Since this mineral is one of the most important elements of a human body, it is needless to say that its benefits are quite plentiful. The most important benefits that it will provide you with are:

  • The formation of hemoglobin – Iron is primarily involved in this process and can be defined as the key ingredient in the formation of the hemoglobin in your body. Its most important asset is that it will transport the oxygen throughout all your body and this is an essential issue because people can lose blood from all sorts of causes and it is essential that a minimum amount will hold.
  • Improves your muscle’s efficiency – Iron works by bringing more oxygen into your muscle mass and this will result in increase physical capacities.
  • Enhances your brain functionality – this feature works in two ways. On the one hand Iron will provide you with adequate brain development and will stimulate the oxygenated blood flow. This will result in increase cognitive capacities and prevent some severe diseases such as dementia and Alzheimer’s.
  • Regulates the body’s temperature – Iron also regulates your body temperature and this means that enzymatic and metabolic functions can occur in their optimal environments.
  • Restless leg Syndrome – since this affection is caused by Iron deficiency, this mineral is also the one responsible for impairing the sickness’s development once you will increase the Iron’s level in your organism.
  • Cures insomnia – since this is an affection that is mainly caused by poor blood cells level, Iron is the one mineral that can rectify that.
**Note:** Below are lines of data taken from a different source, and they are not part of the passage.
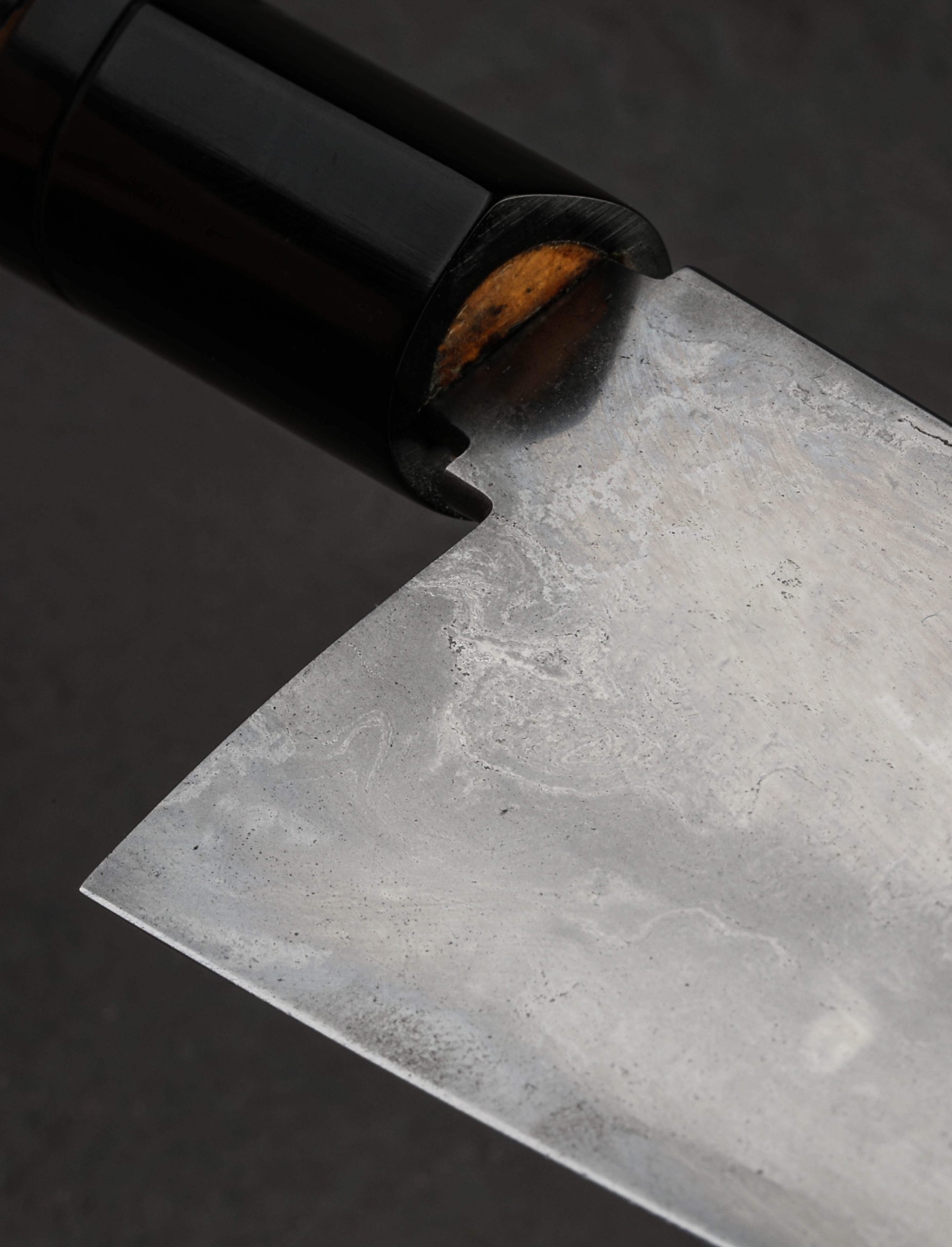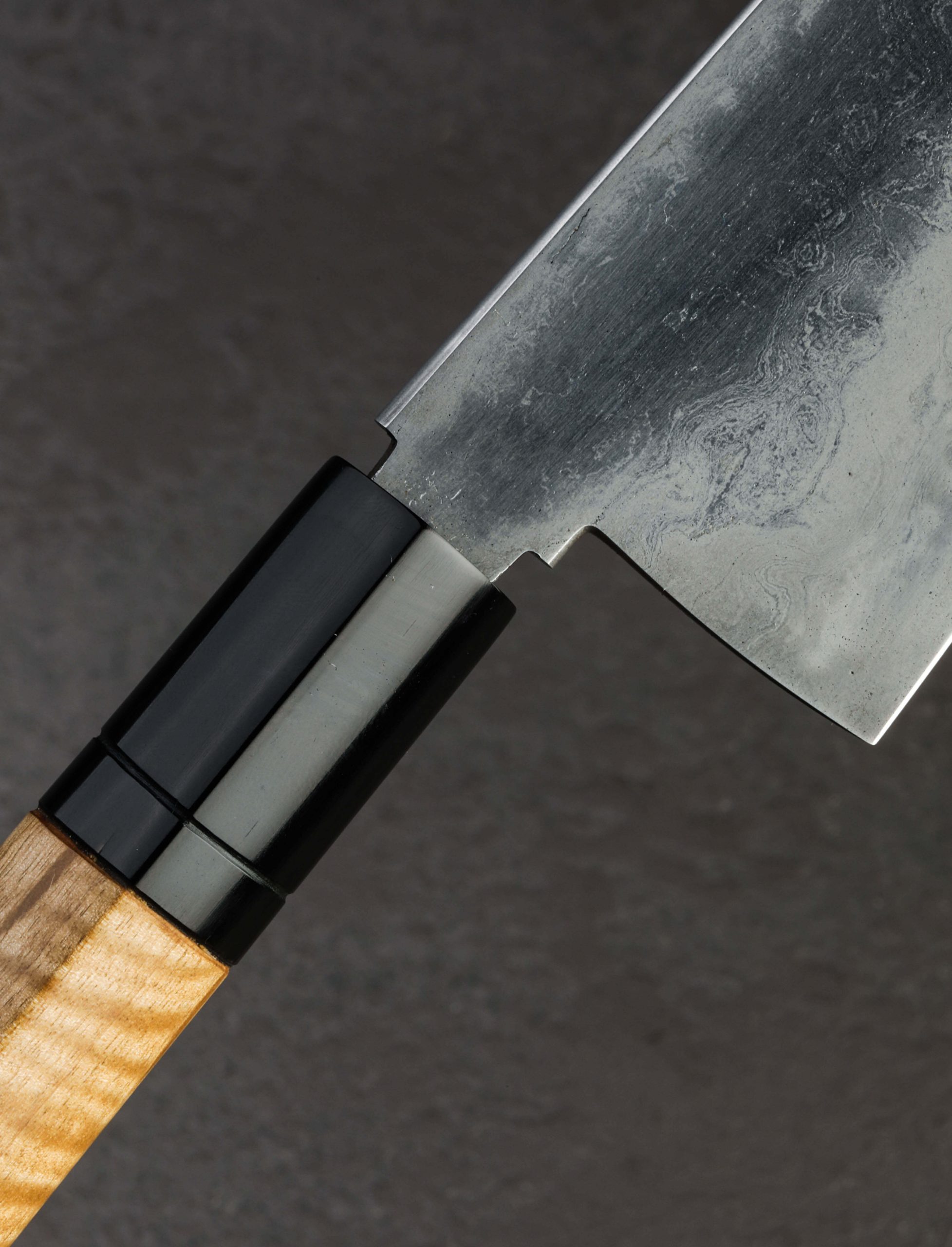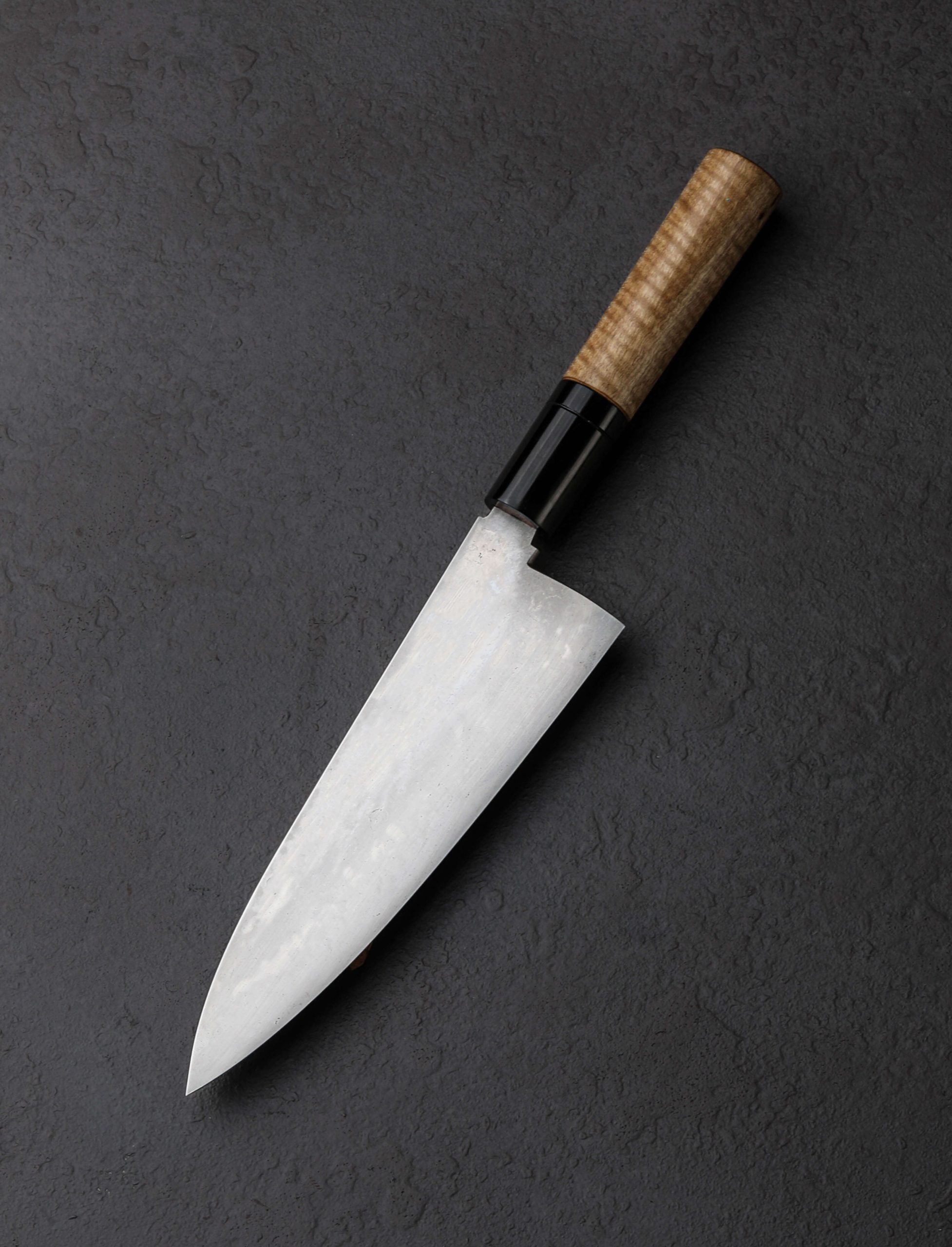 Many knives are easy to pick up. This petty chef by Emiliano Carrillo is hard to put down. Forged by hand from oroshigane carbon steel which Emiliano makes in small batches using a homemade furnace at his New Jersey studio, the 150mm / 5.9″ blade is stunning and versatile from tip to heel. Superbly honed, symmetrical convex bevels are polished and etched to reveal the 12 folds of the steel, the differential, water-quenched hardening, and the beautiful, damascus-like alloy banding. Standing 45mm tall at the heel with a rounded spine measuring a full 4.1mm wide out of the handle, the blade is weighted and tough, ideal for all manner of daily meal preparation in a compact profile. The near-zero edge is razor sharp and quite thin, culminating at a needle-like tip positioned perfectly for precision slicing and detailed cuts. A simple D-shaped wa handle for right handed chefs provides comfort and control, sculpted from crepe myrtle wood and capped with a carved bolster of buffalo horn. True to his focus on traditional craftsmanship and use of clean, high-quality, small-batch steels, Emiliano delivers yet another heirloom chef’s knife to pass down through the generations.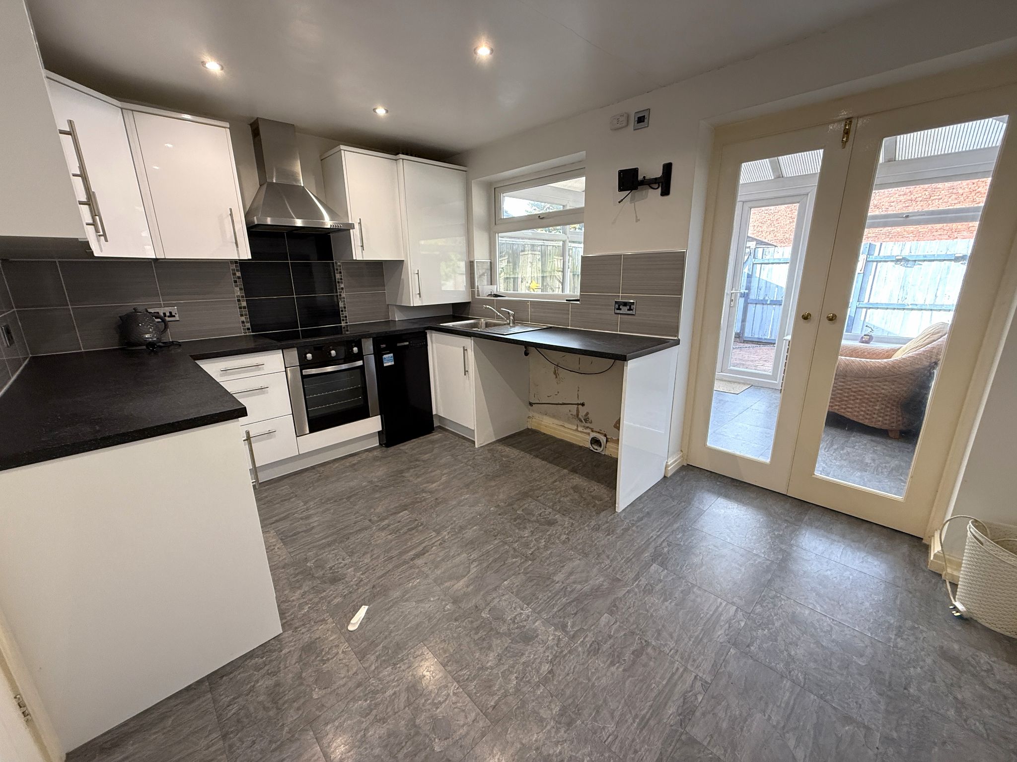 To the rear of the lounge is a modern fitted kitchen, with white wall and base units, black work tops, electric oven and hob, hood extractor fan and space and plumbing for further appliances. The kitchen also boasts space for a dining table, double glazed window and double doors leading to conservatory.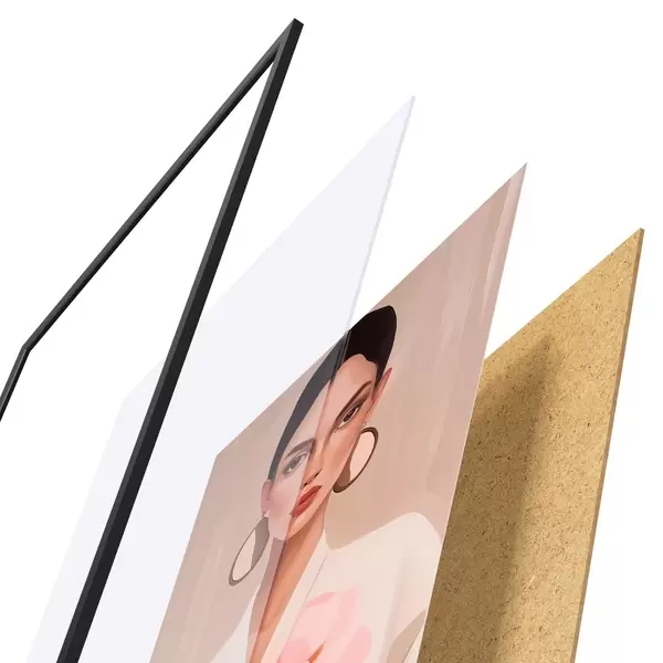 Plakāts sastāv no rāmja, pleksstikla, iespiestā attēla un skaidu plātnes pamatnes. Plakātu var uzreiz piekarināt pie sienas, pateicoties aizmugurē esošajiem stiprinājumiem.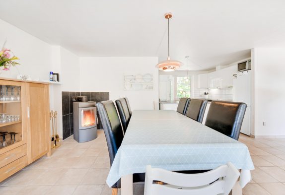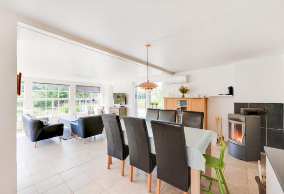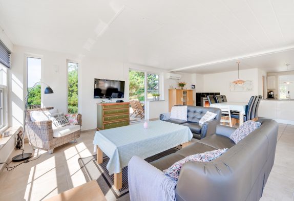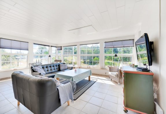 Foruden de 2 badeværelser er der 4 soveværelser og ét stort opholdsrum i sommerhuset. I opholdsrummet vil I helt sikkert komme til at tilbringe mange skønne timer sammen med lækker mad, gode spil og sjove film. Der er ikke dansk tv udover en google cromecast som I naturligvis kan caste fra(DR gratis)! Som prikken over i’et kan I tænde op i pejsen, der fuldender sommerhusstemningen.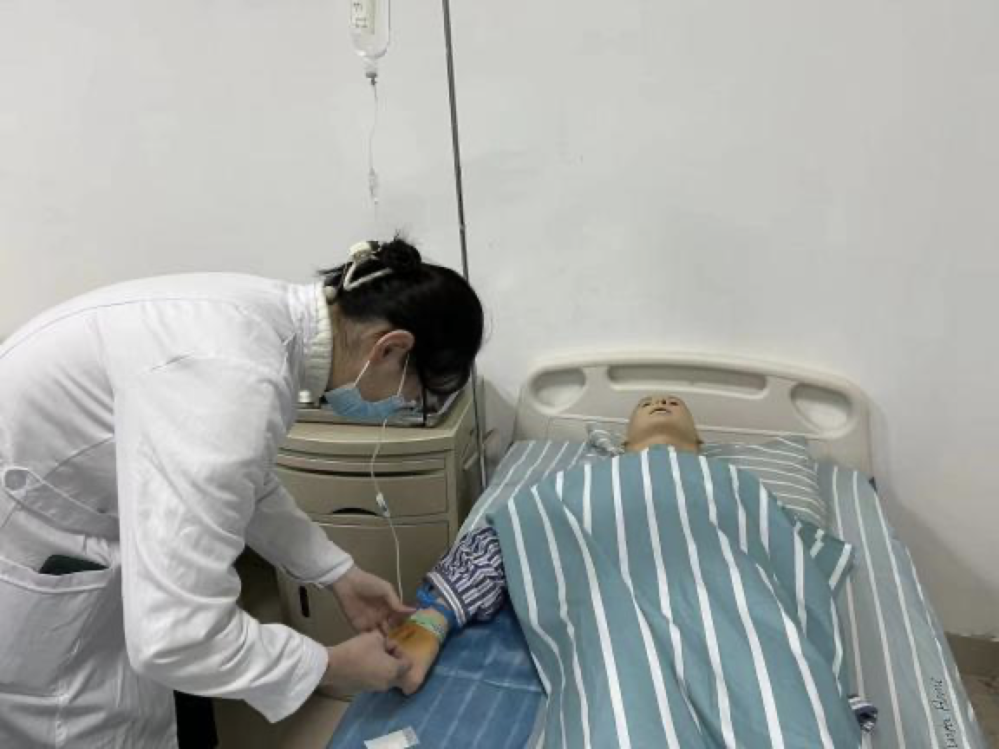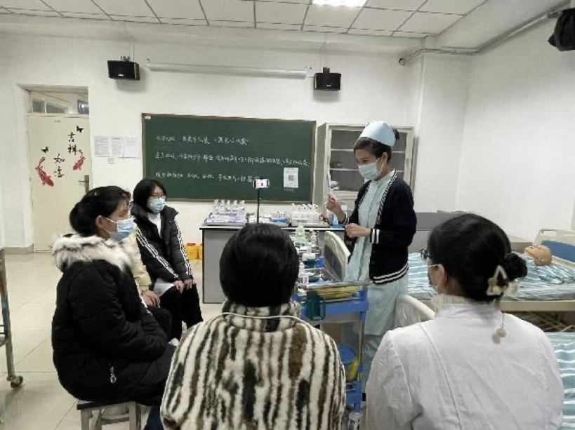 赵冰副院长用扎实的护理专业知识、丰富的临床经验为学生示教了静脉输液、肌内注射、皮内注射和皮下注射等操作,深入浅出,重点明确。当学生自行练习时,她放手不放眼,针对每一位学生的特点,为学生们讲解难点和易错点,手把手教学,说明注意事项,有步骤、分阶段地让学生熟悉护理操作技术,培养学生的临床思维,并强调面对患者生命健康,要时刻保持高度的责任心和严谨的态度。

There are plenty of other benefits and more of them are strongly related to some aggravated diseases that can be successfully tackled by taking Iron supplementation.

Side Effects of Iron

It is a bit difficult for healthy adults to experience toxic Iron intakes, but cases are bound to happen. Among the most common symptoms related to Iron overload are: nausea, abdominal pain, constipation, vomiting, faintness, gastric problems and so on. If we look at the more severe cases, the subjects can experience: organ failures, coma, convulsions and even death when the body succumbs. This is a greater danger when concerning children as patients, because they are more vulnerable to toxicity than adults are.

Other Application of Iron

One of the most important applications for Iron is the clinical environment where Iron is being used as a mineral supplement for those in need of blood. Also it is used as a supplementary mineral for some diets lacking it or for those who manifest poor Iron assimilation.